## WHAT THE TASK REQUIRES
Your answer should be every line from the records that contains "look".

## ENTRIES SUPPLIED
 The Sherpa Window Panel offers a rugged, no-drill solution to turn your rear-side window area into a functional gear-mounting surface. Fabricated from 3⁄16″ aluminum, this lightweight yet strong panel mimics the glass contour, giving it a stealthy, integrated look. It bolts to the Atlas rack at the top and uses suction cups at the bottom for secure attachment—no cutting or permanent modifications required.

* * *

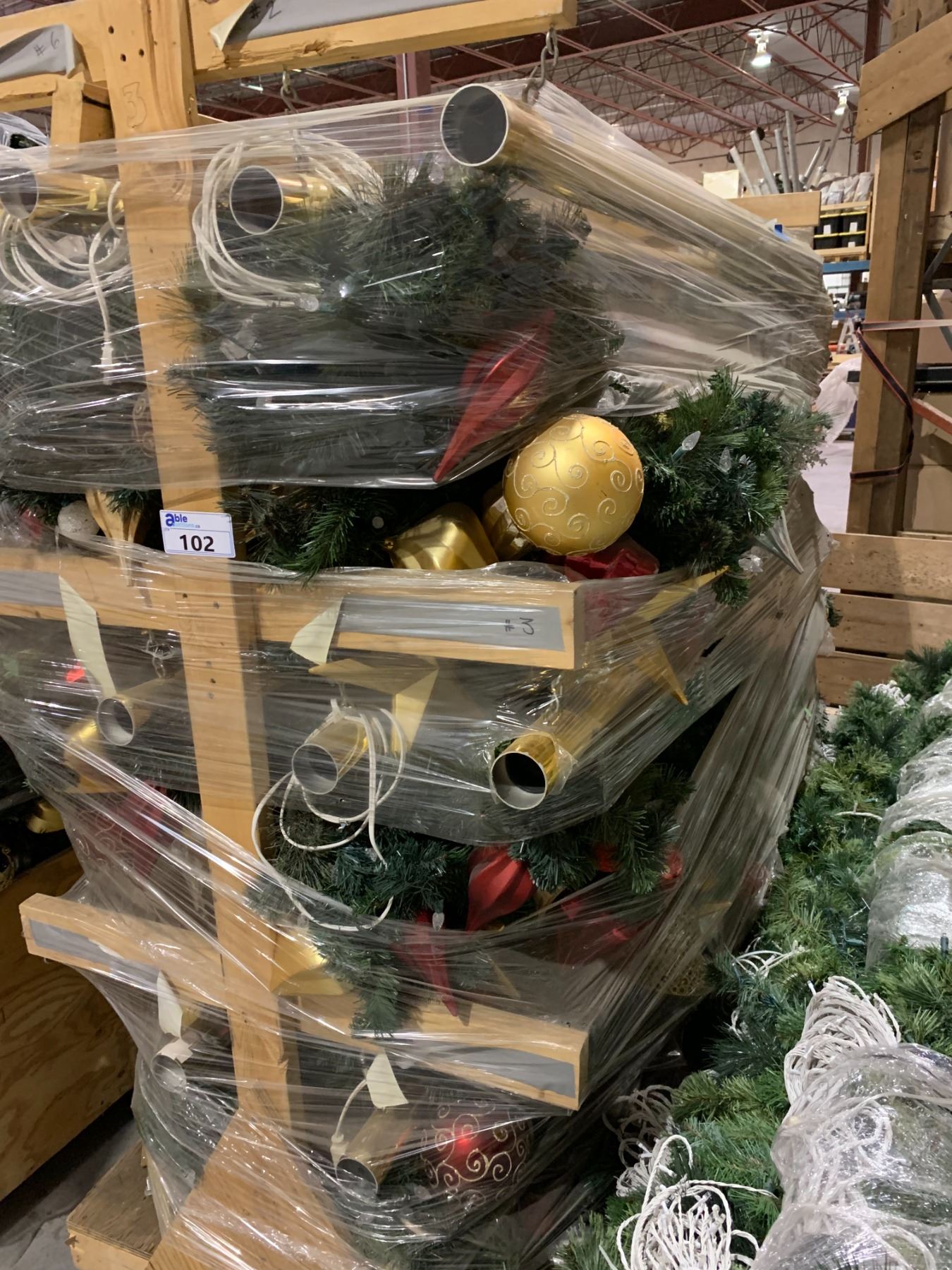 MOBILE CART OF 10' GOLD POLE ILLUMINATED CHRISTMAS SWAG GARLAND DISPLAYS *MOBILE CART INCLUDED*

...

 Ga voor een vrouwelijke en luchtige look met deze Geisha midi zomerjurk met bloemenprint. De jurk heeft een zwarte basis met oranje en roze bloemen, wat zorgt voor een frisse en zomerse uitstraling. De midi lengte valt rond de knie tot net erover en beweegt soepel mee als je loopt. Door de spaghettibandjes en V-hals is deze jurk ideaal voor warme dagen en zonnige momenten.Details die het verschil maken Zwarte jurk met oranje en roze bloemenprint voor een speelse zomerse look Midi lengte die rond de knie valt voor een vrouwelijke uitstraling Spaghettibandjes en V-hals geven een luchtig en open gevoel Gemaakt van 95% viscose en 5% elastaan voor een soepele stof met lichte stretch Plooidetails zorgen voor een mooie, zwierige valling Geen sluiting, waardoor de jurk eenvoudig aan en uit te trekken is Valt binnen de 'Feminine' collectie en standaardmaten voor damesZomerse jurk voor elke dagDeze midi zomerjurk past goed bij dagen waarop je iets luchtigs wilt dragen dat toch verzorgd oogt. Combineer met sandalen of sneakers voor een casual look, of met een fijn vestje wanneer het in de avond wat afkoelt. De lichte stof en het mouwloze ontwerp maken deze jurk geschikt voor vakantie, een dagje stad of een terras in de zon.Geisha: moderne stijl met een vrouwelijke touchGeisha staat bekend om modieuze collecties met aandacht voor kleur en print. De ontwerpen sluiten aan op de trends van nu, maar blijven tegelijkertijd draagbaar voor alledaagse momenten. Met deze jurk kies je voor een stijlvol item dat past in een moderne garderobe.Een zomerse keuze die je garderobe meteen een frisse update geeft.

## TASK RESPONSE
 The Sherpa Window Panel offers a rugged, no-drill solution to turn your rear-side window area into a functional gear-mounting surface. Fabricated from 3⁄16″ aluminum, this lightweight yet strong panel mimics the glass contour, giving it a stealthy, integrated look. It bolts to the Atlas rack at the top and uses suction cups at the bottom for secure attachment—no cutting or permanent modifications required.
 Ga voor een vrouwelijke en luchtige look met deze Geisha midi zomerjurk met bloemenprint. De jurk heeft een zwarte basis met oranje en roze bloemen, wat zorgt voor een frisse en zomerse uitstraling. De midi lengte valt rond de knie tot net erover en beweegt soepel mee als je loopt. Door de spaghettibandjes en V-hals is deze jurk ideaal voor warme dagen en zonnige momenten.Details die het verschil maken Zwarte jurk met oranje en roze bloemenprint voor een speelse zomerse look Midi lengte die rond de knie valt voor een vrouwelijke uitstraling Spaghettibandjes en V-hals geven een luchtig en open gevoel Gemaakt van 95% viscose en 5% elastaan voor een soepele stof met lichte stretch Plooidetails zorgen voor een mooie, zwierige valling Geen sluiting, waardoor de jurk eenvoudig aan en uit te trekken is Valt binnen de 'Feminine' collectie en standaardmaten voor damesZomerse jurk voor elke dagDeze midi zomerjurk past goed bij dagen waarop je iets luchtigs wilt dragen dat toch verzorgd oogt. Combineer met sandalen of sneakers voor een casual look, of met een fijn vestje wanneer het in de avond wat afkoelt. De lichte stof en het mouwloze ontwerp maken deze jurk geschikt voor vakantie, een dagje stad of een terras in de zon.Geisha: moderne stijl met een vrouwelijke touchGeisha staat bekend om modieuze collecties met aandacht voor kleur en print. De ontwerpen sluiten aan op de trends van nu, maar blijven tegelijkertijd draagbaar voor alledaagse momenten. Met deze jurk kies je voor een stijlvol item dat past in een moderne garderobe.Een zomerse keuze die je garderobe meteen een frisse update geeft.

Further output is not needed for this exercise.